▶ **Task prompt**: Could you retype all of the entries below word for word?

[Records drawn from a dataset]

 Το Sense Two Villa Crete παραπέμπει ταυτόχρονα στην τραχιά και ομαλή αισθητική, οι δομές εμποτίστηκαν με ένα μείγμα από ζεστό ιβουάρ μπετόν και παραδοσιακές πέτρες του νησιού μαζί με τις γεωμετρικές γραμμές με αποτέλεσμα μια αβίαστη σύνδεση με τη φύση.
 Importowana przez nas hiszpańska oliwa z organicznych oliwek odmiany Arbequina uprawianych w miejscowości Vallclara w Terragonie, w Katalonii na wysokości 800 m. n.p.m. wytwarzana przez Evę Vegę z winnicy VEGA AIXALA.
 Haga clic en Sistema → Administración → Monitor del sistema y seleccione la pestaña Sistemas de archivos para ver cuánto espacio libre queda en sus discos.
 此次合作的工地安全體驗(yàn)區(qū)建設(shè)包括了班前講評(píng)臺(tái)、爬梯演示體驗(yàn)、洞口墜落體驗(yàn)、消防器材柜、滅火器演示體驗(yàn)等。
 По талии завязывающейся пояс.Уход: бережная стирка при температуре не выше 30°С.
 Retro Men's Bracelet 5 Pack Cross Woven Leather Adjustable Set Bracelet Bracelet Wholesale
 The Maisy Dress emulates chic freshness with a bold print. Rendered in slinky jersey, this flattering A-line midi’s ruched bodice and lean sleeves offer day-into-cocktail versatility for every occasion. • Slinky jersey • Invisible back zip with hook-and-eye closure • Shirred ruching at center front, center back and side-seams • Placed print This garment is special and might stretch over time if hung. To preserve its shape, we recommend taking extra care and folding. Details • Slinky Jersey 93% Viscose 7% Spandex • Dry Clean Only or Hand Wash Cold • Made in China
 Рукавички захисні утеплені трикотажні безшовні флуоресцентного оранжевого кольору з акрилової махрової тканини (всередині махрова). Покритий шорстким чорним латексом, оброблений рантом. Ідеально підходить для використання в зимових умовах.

▶ **Task response**:
 Το Sense Two Villa Crete παραπέμπει ταυτόχρονα στην τραχιά και ομαλή αισθητική, οι δομές εμποτίστηκαν με ένα μείγμα από ζεστό ιβουάρ μπετόν και παραδοσιακές πέτρες του νησιού μαζί με τις γεωμετρικές γραμμές με αποτέλεσμα μια αβίαστη σύνδεση με τη φύση.
 Importowana przez nas hiszpańska oliwa z organicznych oliwek odmiany Arbequina uprawianych w miejscowości Vallclara w Terragonie, w Katalonii na wysokości 800 m. n.p.m. wytwarzana przez Evę Vegę z winnicy VEGA AIXALA.
 Haga clic en Sistema → Administración → Monitor del sistema y seleccione la pestaña Sistemas de archivos para ver cuánto espacio libre queda en sus discos.
 此次合作的工地安全體驗(yàn)區(qū)建設(shè)包括了班前講評(píng)臺(tái)、爬梯演示體驗(yàn)、洞口墜落體驗(yàn)、消防器材柜、滅火器演示體驗(yàn)等。
 По талии завязывающейся пояс.Уход: бережная стирка при температуре не выше 30°С.
 Retro Men's Bracelet 5 Pack Cross Woven Leather Adjustable Set Bracelet Bracelet Wholesale
 The Maisy Dress emulates chic freshness with a bold print. Rendered in slinky jersey, this flattering A-line midi’s ruched bodice and lean sleeves offer day-into-cocktail versatility for every occasion. • Slinky jersey • Invisible back zip with hook-and-eye closure • Shirred ruching at center front, center back and side-seams • Placed print This garment is special and might stretch over time if hung. To preserve its shape, we recommend taking extra care and folding. Details • Slinky Jersey 93% Viscose 7% Spandex • Dry Clean Only or Hand Wash Cold • Made in China
 Рукавички захисні утеплені трикотажні безшовні флуоресцентного оранжевого кольору з акрилової махрової тканини (всередині махрова). Покритий шорстким чорним латексом, оброблений рантом. Ідеально підходить для використання в зимових умовах.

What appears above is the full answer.